Ils font feu, Siham s'écroule sur les pavés, face contre terre. Rapidement, l'armée intervient. La fille de Siham est bien entendu arrêtée et emmenée en garde à vue. Savait-elle ce que sa mère comptait faire? Aucun moyen de le savoir pour l'instant. Dans le même temps, les soldats mettent en place un périmètre autour du corps de Siham et refusent que les équipes médicales viennent jusqu'à elle. D'après les témoins, Siham n'est pas morte immédiatement. Mais personne ne sait si les secours auraient pu la sauver. Sans doute n'en avait-elle d'ailleurs pas envie. Car lorsqu'on décide de s'attaquer à un soldat ou à un policier, quelles qu'en soient les raisons, on sait qu'il n'y a d'issue que la mort.
J'ai appris ce qui était arrivé à Siham bien avant de savoir que des médias français avaient "relayé" l'information. Je l'ai appris d'une manière crue, à travers le post Facebook de mon ami Oussama, père de famille de Jérusalem qui m'avait accueillie chez lui lors de mon dernier séjour. Il a posté la photo du corps de Siham, étalée par terre, inerte. Elle a été tuée devant lui.

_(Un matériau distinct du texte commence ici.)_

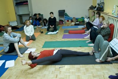 Przed przerwą przećwiczyliśmy także krótki, 20-minutowy zestaw asan i vinyas, będący profilaktyką problemów z kolanami.Druga część zajęć dotyczyła problemów ze stawem biodrowo-udowym. Budowa tego stawu jest na tyle skomplikowana, że warto sięgnąć do anatomii opisowej lub atlasu. Jego prawidłowe funkcjonowanie jest niezwykle istotne praktycznie dla całego ciała, a zwłaszcza dla pracy kolan i kręgosłupa. Przeanalizowaliśmy i wykonaliśmy pozycje szczególnie przydatne w pracy z biodrami: siad skrzyżny i jego warianty, gomukhasana II, baddhakonasana, siad płotkarski, purnautkatasana, malasana, upavistakonasana, dvi pada pitham (ćatuśpadasana).
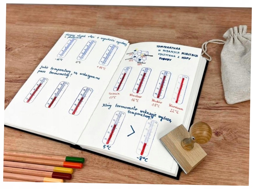 Навчальний штамп може використовуватися різними способами. Це буде ідеально для гри в домашніх умовах та навчання під час роботи в групі під час уроку природи або використання використання штампу. Below are some of them: the child colors a mercury bolted by a stamp according to the saved positive or negative temperatures, the teacher or parent selects the temperature on the mercury post and the child's task is to read this value and save it, the child compares the temperature from two thermometers and calculates their difference, using a stamp map of Poland and a stamp, the child is designed to read previously posted by a teacher or a temperature parent Weather maps, a child with a stamp can keep a weather diary in його місто та зберегти штамп: 55 мм х 20 мм
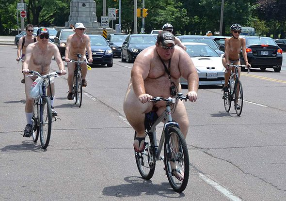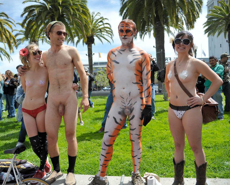 از سال 2004 نقشهِ نوعی اعتراض عمومی به مصرف بنزین و افزایش ناخوشایند ماشین های شخصی در شهرها کشیده شد. اعتراضی که خود را در مجموعه « دوچرخه سواری لخت دنیا» و کارناوال شان در ماه تیر ( ژوئن) متحد ساخت. در همان سال، در اولین دوچرخه سواری لخت و اعتراضی، 28 شهر از 10 کشور جهان شرکت داشتند که این رقم به 74 شهر از 17 کشور جهان سرایت کرد.

Je me suis immédiatement renseignée auprès de lui et auprès de mes autres contacts sur place afin de connaître les circonstances exactes de sa mort. Mieux comprendre pour mieux retranscrire. Les informations que je fournis dans cet article proviennent de communiqués israéliens vérifiés et traduits par mes contacts palestiniens sur place.
Comment se fait-il que la presse française parle d'une "attaque au couteau" alors qu'il s'agissait d'une paire de ciseaux? Et au-delà de ce "détail", comment se fait-il qu'aucun journaliste ne prenne la peine de regarder au-delà d'un pauvre communiqué officiel - et donc potentiellement biaisé, a fortiori dans un tel contexte - pour comprendre COMMENT et POURQUOI une mère de famille de 49 ans a soudain décidé de vouloir tailler son destin en miettes?
Non, il ne doit pas y avoir pire dans cette vie que de perdre un enfant. Sauf peut-être l'injustice de savoir qu'il est mort "par erreur".